Democracia y Política

The GOP is trapped in Trump’s rendezvous with yesterday

The act was old. The ­self-involvement was as intense as ever. The lies about the 2020 election continued. The dreary attacks on his foes, the unhinged hyperbole, the calls to suppress votes and the unconstrained nativism were reruns of earlier ­productions.

 

Donald Trump, the Sequel, drew a predictably ecstatic response at the Conservative Political Action Conference (CPAC) in Orlando on Sunday as he assailed President Biden and made clear in a torrent of invective that hatred of immigration will be as important to any attempted comeback as it was to his rise.

 

Back were the “coyotes,” “the vicious evil smugglers,” “the illegal aliens,” “mass amnesty,” “chain migration” and every other epithet and catchphrase that form his tapestry of nativism. Back also were the throwback forms of McCarthyism as he accused Biden of moving the country toward “radicalism, socialism and indeed it all leads to ­communism.”

 

Yet if the CPAC conclave was a Trump revival, complete with a golden Trump statue, there was some quiet dissent just beneath the surface. When the results of the CPAC straw poll for 2024 came in, Trump received just 55 percent of the ballots. Imagine Tom Brady receiving 55 percent for MVP from Tampa Bay fans.

 

When protected by the secret ballot, the hard core was going a little soft. They cried “we love you,” but the eyes of nearly half of them were straying. Perhaps more on the right want to move on than will ever say so publicly.

 

Running second was Florida’s Republican Gov. Ron DeSantis, the functional favorite son for the weekend, at 21 percent. It’s a sign that Trump is, for now, blocking every other Republican hopeful’s way that no other candidate got more than 5 percent.

 

More deeply, the fact that Trump continues to define the GOP and command the stage as no one else in the party can speaks of his party’s lost opportunity.

 

Trump’s takeover of the party in 2016 was undeniably built on long-standing habits of opposition to immigration, the courting of racial backlash and the waging of culture wars.
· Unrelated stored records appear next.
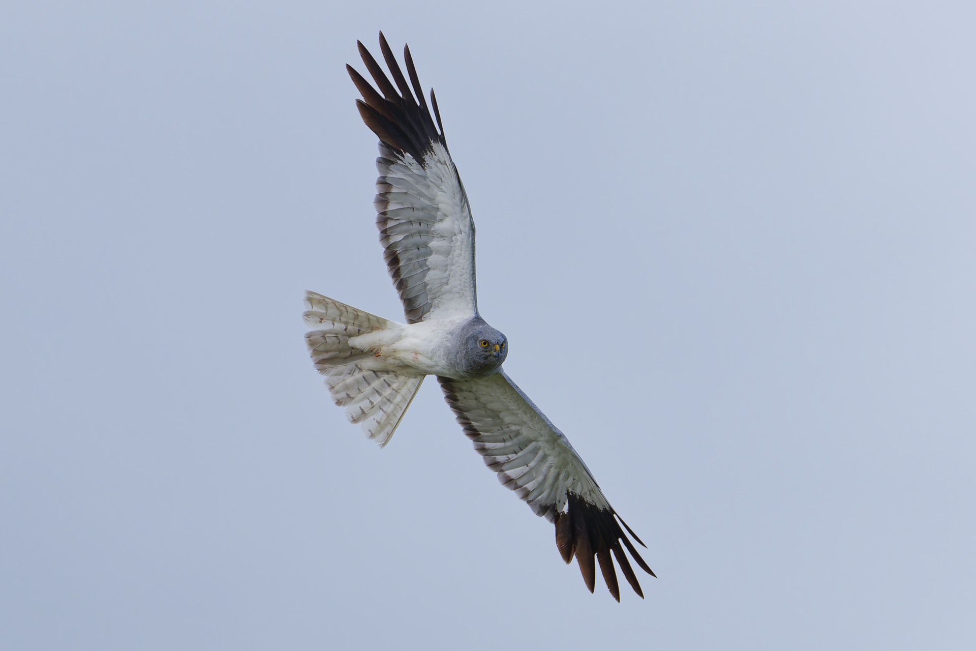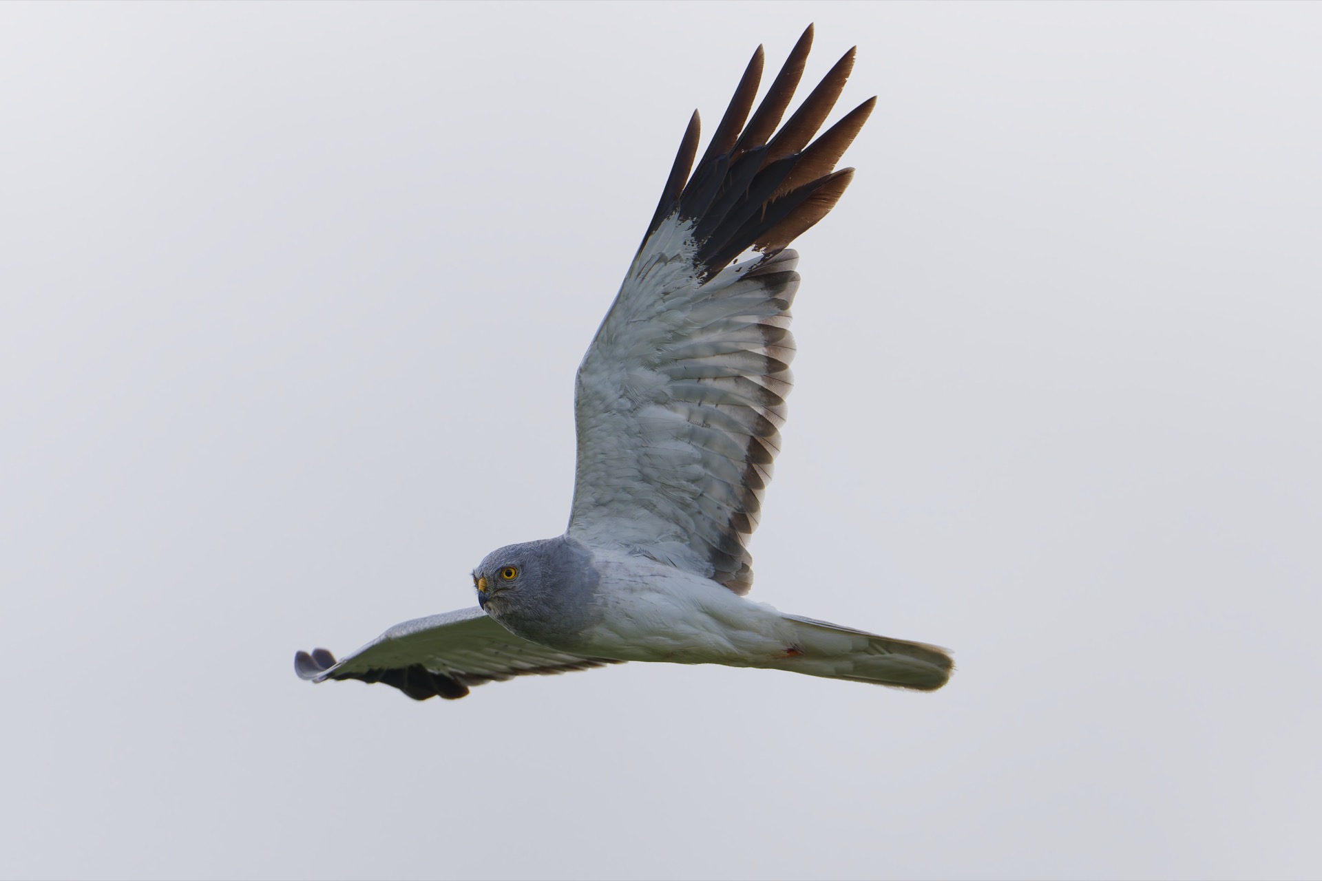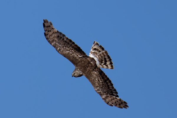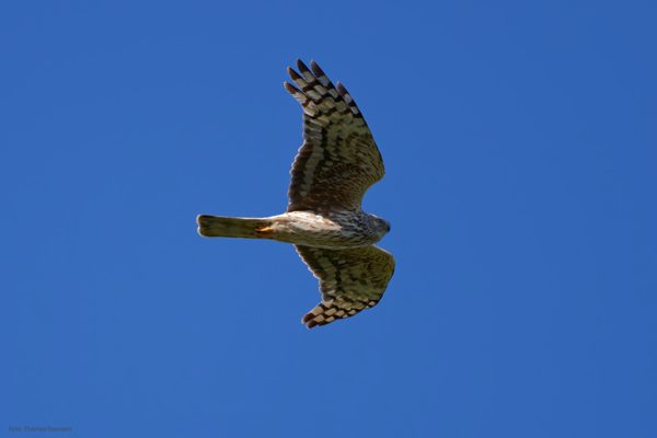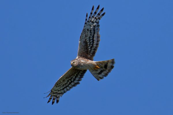 The male Hen harrier is a striking grey and white bird with black wingtips. The female is brown with white upper tail coverts. The female is a little bit bigger than the male, which is normal among the birds of prey.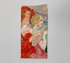 Vrouwen en hun vriendschappen. Dit is de focus van Dina Bukva's prachtige werken, die ze voornamelijk maakt op acryl. De kunstenares, die uit Kroatië komt en in Wenen woont, voltooide in 2018 haar master in grafisch en communicatieontwerp aan Central Saint Martins, om korte tijd later haar eigen merk, NUDES AND CROISSANTS, te lanceren. Het merk viert diversiteit in alle aspecten en vormen en is geïnspireerd door de schoonheid van het dagelijks leven. De korte animatiefilms van de kunstenares zijn op verschillende festivals vertoond en bekroond. Dina levert bijdragen aan Gault&Millau magazine en heeft al samengewerkt met merken als ZARA.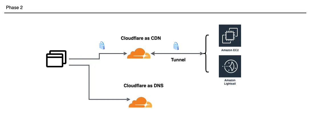 origin側にCloudflareのdaemonを動かして、tunnelを設定できます。cloudflareとoriginの間のトラフィックをこのtunnelを通すことによってoriginサーバ側でポート開放をする必要が無くなります。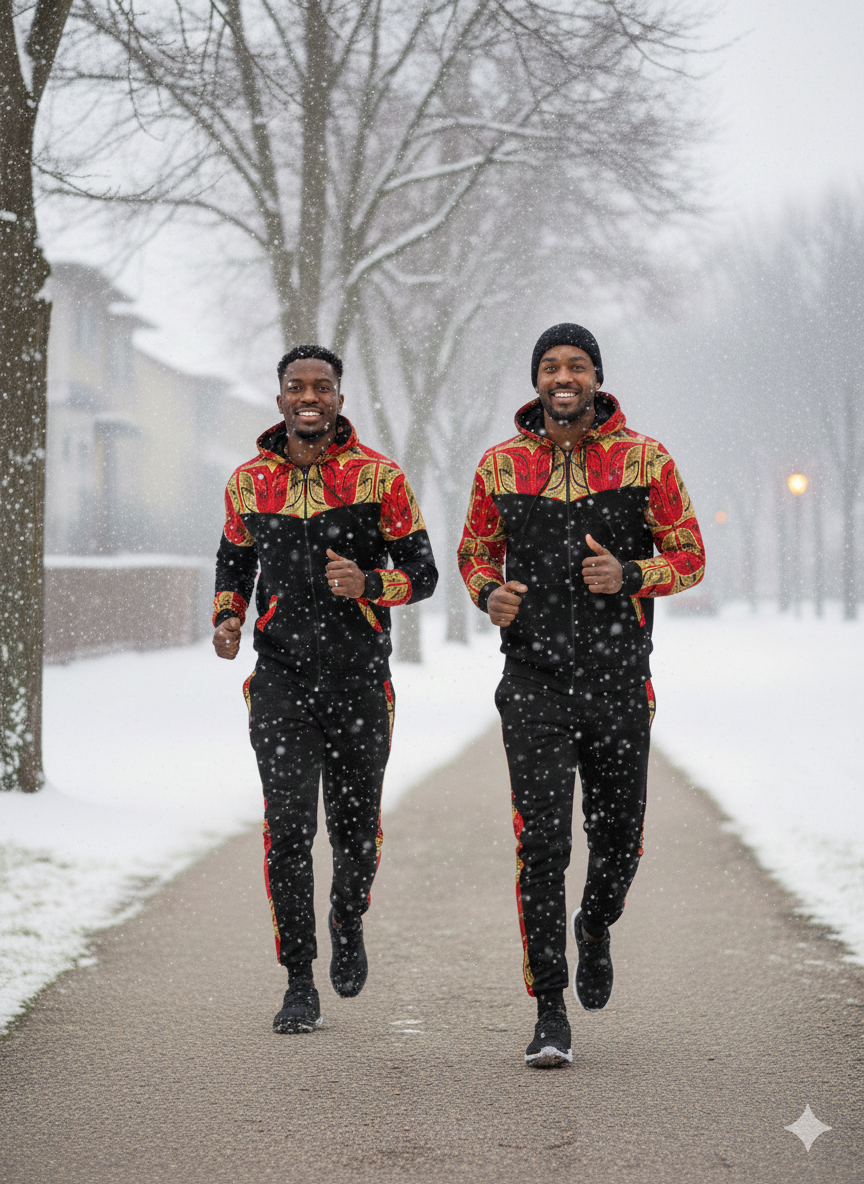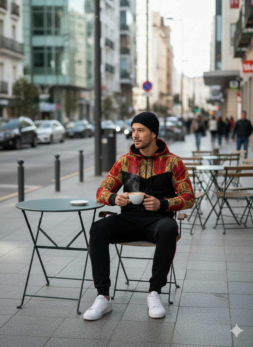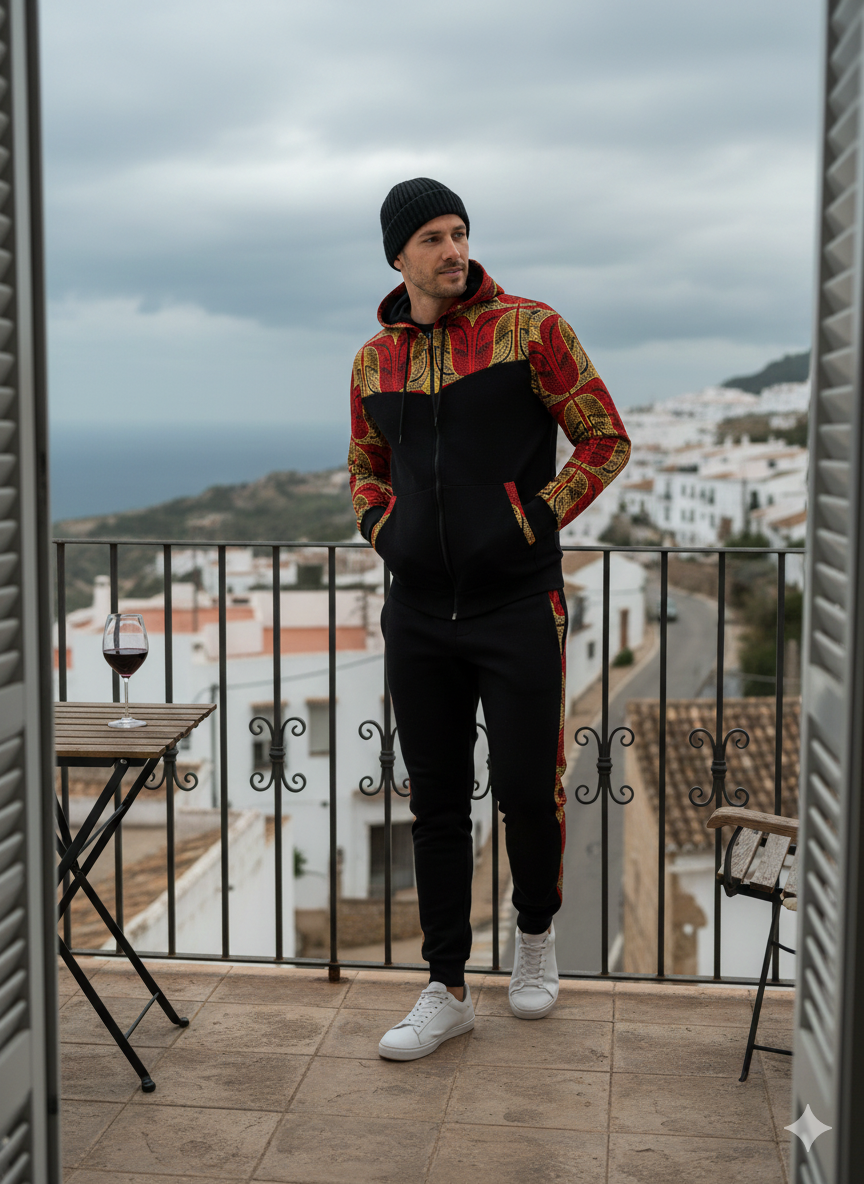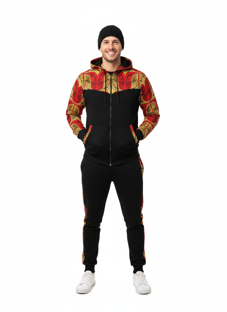 Blend heritage and contemporary streetwear with The Red African Print Tracksuit. This striking two-piece set features a comfortable grey heather base, perfectly accented by vibrant, high-contrast Red African Print panels on the shoulders, hood lining, and along the jogger seams. Crafted for comfort and designed to stand out, this unique ensemble combines soft, breathable material with a bold, eye-catching design, making it ideal for travel, casual outings, or elevated athletic wear.

But Trump also spoke to the exhaustion of the old themes of Reaganism.

 

He did so inconsistently and often incoherently between 2016 and 2020. But he put pure economic conservatism, free trade and foreign intervention on trial. (He again attacked “endless wars” at CPAC.) He stressed big infrastructure spending (which he never delivered), defended Medicare and Social Security, and cast a rising China as a dangerous enemy to the well-being of working Americans.

 

Episodically, especially in launching his scattershot trade wars, he reminded voters of the ideologically nondoctrinaire persona he had cultivated. But there was no consistency except on “own the libs” issues. They again dominated his speech on Sunday with its requisite attacks on the “fake news media,” “politically correct far-left indoctrination training,” “far left lunacy” and, of course, “cancel culture.” He even charged that Biden’s transgender rights policies would “destroy women’s sports.”

 

The reality is that Trump is not the sort to devote himself to a lot of rethinking. His politics are all about himself — which means that the true litmus test on the right has become accepting his lies about what happened in the 2020 election. He drew loud applause at CPAC whenever he alluded to his false claims of electoral victory. “You won!” they shouted.

 

The resumption of the Trump Show reminded the GOP that it has the worst of all worlds: a cult of Trump without any of the benefits that might have come from a serious inquiry into why the old conservatism had been unable to stop him. Party leaders in their hearts know that they can’t win with Trump and Trumpism — and they can’t live without him and his followers.

 

They know his voters dominate party primaries and they need them to turn out to win House and Senate seats. But the more Trump dominates the conversation, the more he will continue to push middle-class suburban voters who embraced Biden last year — especially women — away from the GOP.

 

Which, sadly, is why one theme Trump harped on will be picked up by the mainstream of his party: his attacks on “ballots indiscriminately pouring in,” his assault on mail-in voting and his call for voter ID.

 

What Trump is saying is what many in his party believe, judging by their voter suppression efforts all over the country. The party won’t rethink, it’s not moving forward, and it can’t fully rid itself of Trumpism. So it can’t build a new majority. It can win only by stopping voters who reject them, as they rejected Trump, from casting ballots.

 

“Do you miss me yet?” Trump asked at the beginning of his address. Most Americans don’t, and his display at CPAC will do nothing to unleash a national wave of nostalgia. But his party will be stuck with him for a long time.